As you can tell, I like lentils!  And tomatoes.

It’s getting to the kind of weather where I begin to think about “salads” for hot-weather meals.   I know it’s a bit early for this since tomatoes not  ready to pick yet.  While I was writing about lentils, shortly after planting some tomato seeds (Black Krim, Japanese Black Trifle, Black Pearl, Brandywine, Indigo…..) I couldn’t help but think of this salad with some anticipation as I planted the Black Pearl cherry tomato seeds.

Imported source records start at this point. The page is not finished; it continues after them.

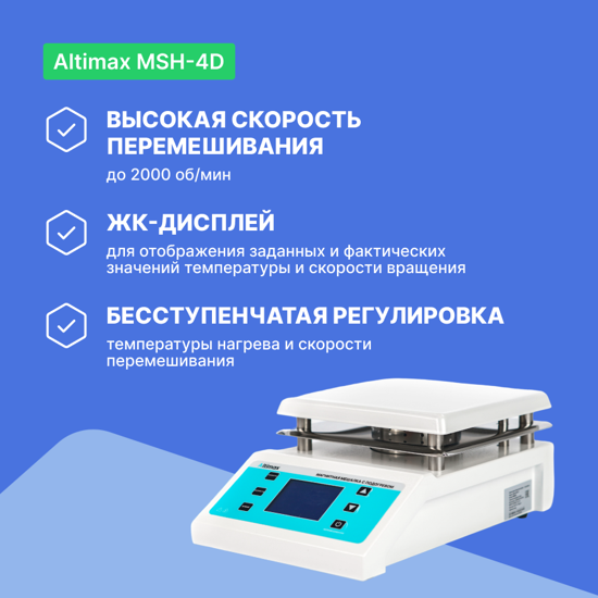 Важной особенностью Altimax MSH-4D является возможность подогрева лабораторных жидкостей до температуры 380 °C.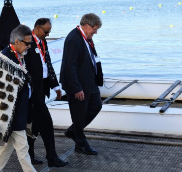 Arriving at the Don Rowlands Centre after their barge trip at the start of the convention are, from left, Lions International Second Vice-President Judge Haynes Townsend, Lions MD 202 Council Chairman Arvind Raman, and Waipa District Mayor Jim Mylchreest.
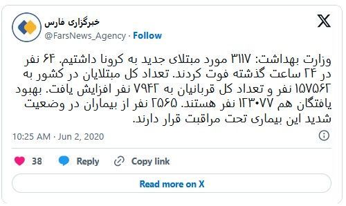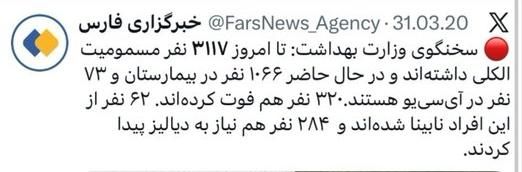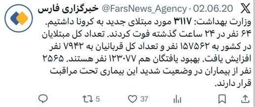 ۳) اینکه در گزارشهای علمی مرتبط با همهگیری کووید-۱۹ نیز ۳۱۱۷ مورد تأیید شده بهعنوان تعداد بیماران اعلام شده، که این عدد در مقطعی از شیوع ویروس در ایران گزارش شده است. منبع این گزارش یک نشریه علمی بوده است، اما باز هم سؤال این است که چگونه این عدد با سایر آمارهای رسمی همنشینی دارد.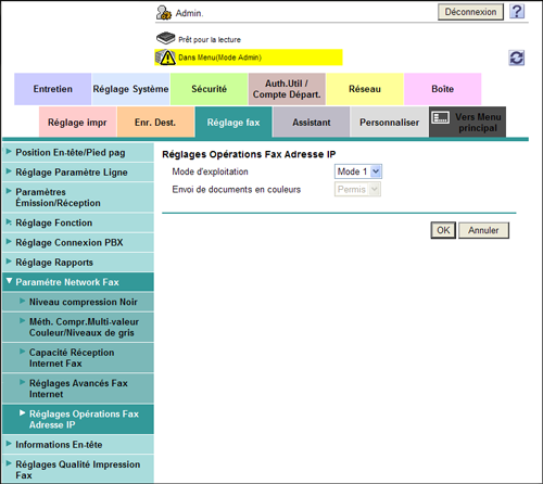 [Envoi de documents en couleurs] | Indiquez si vous souhaitez ou non accepter l'envoi de fax couleur lors de la sélection de [Mode d'exploitation] pour [Mode 2]. Pour envoyer un fax à une machine qui ne prend pas en charge la réception en couleur sur la base du standard SMTP direct, sélectionnez [Interdit]. [Autorisé] est spécifié par défaut. |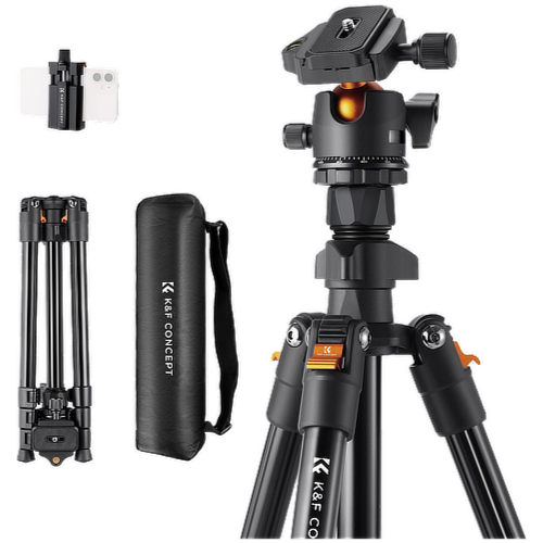 Lightweight aluminum tripod with a metal ball head, quick release plate, and phone holder. Supports up to 8kg and extends to 163cm. I use this tripod for general outdoor photography, including landscapes and long exposures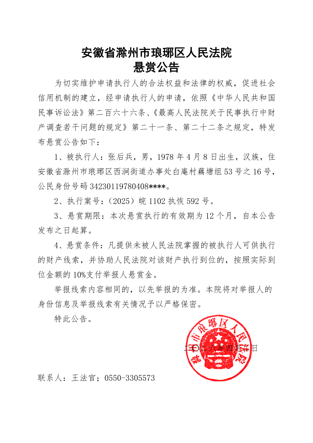 原标题:《安徽省滁州市琅琊区人民法院悬赏公告》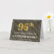 La parte delantera de este respetable y lujoso diseño de tarjetas de felicitación de cumpleaños tiene un gran número ordinal "96º" con una apariencia inspirada en el oro de imitación/imitación, el mensaje "FELIZ 96º CUMPLEAÑOS", un nombre de destinatario personalizado, y un patrón de borde compuesto de líneas delgadas, en un fondo de patrón de imitación/imitación de madera. El interior presenta un mensaje de bienvenida de cumpleaños personalizado, o tal vez podría ser borrado y dejado en blanco si se va a escribir un mensaje a mano. Una tarjeta de felicitación de cumpleaños editable como esta podría ser una manera elegante de enviar deseos de cumpleaños a alguien que está celebrando su cumpleaños noventa y seis. [~Z0000492]

Lentil & Couscous Salad with Cherry Tomatoes, Mint and Goat Cheese

This is my adaptation of the recipe from Gourmet 1995, retrieved from Gourmet on Epicurious with a few changes from me.  (This is a great place to browse for salad inspirations.  You don’t need to follow the recipes–just look at the ingredients and make a salad.)

Ingredients

  • 1 cup lentilles du Puy (French green lentils) or brown lentils (or any small lentil that will hold its shape well)
  • 3 tablespoons sherry vinegar  (The original recipe calls for white wine vinegar–but I prefer sherry; use what you have at hand.)
  • 1-1/4 cups water
  • 1 cup couscous
  • 1/2 teaspoons salt
  • 1/4 cup olive oil (preferably extra-virgin)
  • 1 large garlic clove, minced and mashed to a paste with 1/4 teaspoon salt
  • 1/2 cup finely chopped fresh mint leaves (spearmint, rather than peppermint)
  • 1 bunch arugula, stems discarded and leaves washed well, spun dry, and chopped
  • 2 cups vine-ripened cherry tomatoes, halved.
  • 1/4 pound feta, crumbled (about 1 cup)

Preparation

  • Cook the lentils in a small pan, covered by about 2 inches of water until tender but not getting mushy.  The lentilles du Puy cook more slowly than other varieties, so if you substitute, watch them carefully to keep from over-cooking them.  My preference is for the french, Spanish brown, or black lentils instead of the brown.
  • When tender, drain well and transfer to a bowl.  Stir in 1 tablespoon of the vinegar, salt and pepper to taste.
  • Prepare the couscous:  bring water to a boil and couscous and salt (use the package directions).  Remove from heat and let stand until the water is absorbed.  Fluff and transfer to a bowl. Stir in 1 tablespoon of the extra-virgin olive oil and cool.
  • Dressing:  Whisk together the garlic paste, remaining vinegar (to taste), and oil.  Add salt and pepper to taste.
  • Add the lentils and dressing to the couscous and mix well. Chill well–about 2 or 3 hours.
  • Before serving, add the crumbled goat cheese and the mint leaves.

One problem I’ve found is that the cherry tomatoes can give off a lot of liquid and make this salad too juicy.  I like to toss the halved cherry tomatoes with about 1/2 teaspoon kosher salt and let them stand in a colander for about 15 or 20 minutes before I add them  to avoid the excess juice.  This doesn’t make them “salty”–but do taste before you add the last salt to taste.  This will hold well in the fridge for about 24 hours if you’ve  gotten some of the excess liquid from the cherry tomatoes.

My favorite garnish for this is crispy slices of European style cucumbers and crispy, crunchy radishes on the side as well.